Demir, şöyleki konuştu:
“HER ŞEY ZAMLANIRKEN NASIL EKMEMİZİ BEKLİYORSUNUZ?”
“30 dönüm üzerine bahçe kurduk. Tarıma girdiğimizde iktisada kazandırırız dedik. Ancak bir türlü de olmadı. Devletimizi hiç bir biçimde yanımızda bakılırsamiyoruz. Yani tarlaya gideceğiz. aslına bakarsanız mazot fiyatları almış başını gitmiş. Hesap yapıyorum ne tarlaya gidebiliyorum ne de iş yapabiliyorum. Yani bu kadar mazot meblağları hakikaten bizi yedi bitirdi. Bu işin ne bir alternatifi var ne de yapabileceğimiz rastgele bir şey var. Artık devlet girdiği vakit T.C. kimlik numiçinden her şeyi net biliyorsa, benim üzerime 30 dönüm tarla var, benim burada ne kadar yaktığım belirli. Bunu en sıradan bir traktörcüye gitseler bir daha bunu bu türlü çözerler. Vereceği, bana ‘al mazot kardeşim’ demek. Yarısını da verseler biz bir daha tahminen bir şeyler yapabiliriz. Lakin şu anda ne kımıldayacak bir halimiz var ne de gübre atacak bir durumumuz var. Her şey yüzde 100, yüzde 200 zamlanmış iken bizim nasıl ekmemizi bekliyorsunuz? Çiftçi olarak ben soruyorum. Siz kendi otomobilinizle mazot alırken, bir şeyler yaparken hiç bir şey düşünmedikten daha sonra biz nasıl düşüneceğiz?
“BİZ ÜRETİM YAPAMAZSAK SİZ KENTTE YİYECEK EKMEK BULAMAZSINIZ”
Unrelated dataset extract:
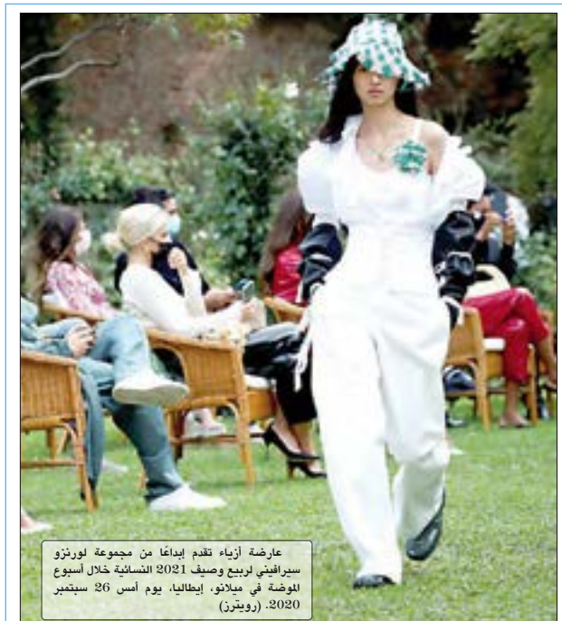
عارضة أزياء تقدم إبداعاً من مجموعة لورنزو سيرافيني لربيع وصيف 2021 النسائية خلال أسبوع الموضة في ميلانو، إيطاليا، يوم أمس 26 سبتمبر 2020.

1825 - أول استخدام لسكة الحديد كوسيلة نقل عام. 1914 - الإمبراطورية الروسية تحتل المجر. 1922 - ملك اليونان قسطنطين الأول يتنحى عن العرش. 1987 - الرئيسان المصري محمد حسني مبارك والفرنسي فرانسوا ميتران يفتتحان أول خطوط مترو أنفاق القاهرة. 1990 - الرئيس الجزائري الأسبق أحمد بن بلة يعود للجزائر بعد 9 سنوات في المنفى. 1997 - انتخاب المصري محمد البرادعي رئيساً للوكالة الدولية للطاقة الذرية. 1998 - افتتاح شركة جوجل. 2002 - تيمور الشرقية تنضم إلى الأمم المتحدة. 2005 - الحلقة 163 والأخيرة من توم جيري تعرض بعنوان «حارس الكاراتيه». 2007 - ناسا تطلق المسبار دونوف في مهمة إلى كويكب 4 فيستا الذي وصلته المركبة عام 2011 والكوكب القزم سيريس الذي وصلته في عام 2015. 2015 - فوز القوى الكاتالونية ذات النزعة الانفصالية بالغالبية المطلقة داخل البرلمان بعدما حصلت على أكثر من نصف الأصوات في الانتخابات البرلمانية في إقليم كاتالونيا في إسبانيا.

Koşarak vilayet tarıma giriyoruz yüzde 18 KDV’sini ben veriyorum. Sene başında fiyat alıyorsunuz, o fiyatlara göre siz kendinizi ayarlıyorsunuz. Gidiyoruz bu sefer onda da rastgele bir dayanak yok. Ben bir de esnafım. Geçen sene bir de pandemide 3 bin lira para verdiniz. Artık bu sefer de çıkmışsınız onun 500 lirasını geri istiyorsunuz. Bizim tek isteğimiz; ya bize karışmayın, ya da bize adam üzere dayanak verin. Biz de kendimize bir şeyler yapalım. İktisada bir şeyler kazandıralım. Çok bir şey istemiyoruz ki sizden. İstediğimiz tek şey bize, hakikaten çiftçiye, köylüye üretim. Şayet biz üretim yapmazsak, siz kentte yiyecek ekmek bulamazsınız. Kentte beşerler ne yiyecek ne yapacak? Yapacak hiç bir şey yok. Yani en sıradan tahlil üretim. Üretmedikten daha sonra ne kalkınır ne yükseliriz? Ne de geleceğe dair hiç bir şey olur. Kesim alıyorsun yok. Bir şey yapayım diyorsun, yok bir şey yapamıyorsun. Her şeye artırım gelmişken biz ne yapacağız? Nasıl üreteceğiz? Çiftçi olarak hakikaten de içler acısı bir durumdayız.”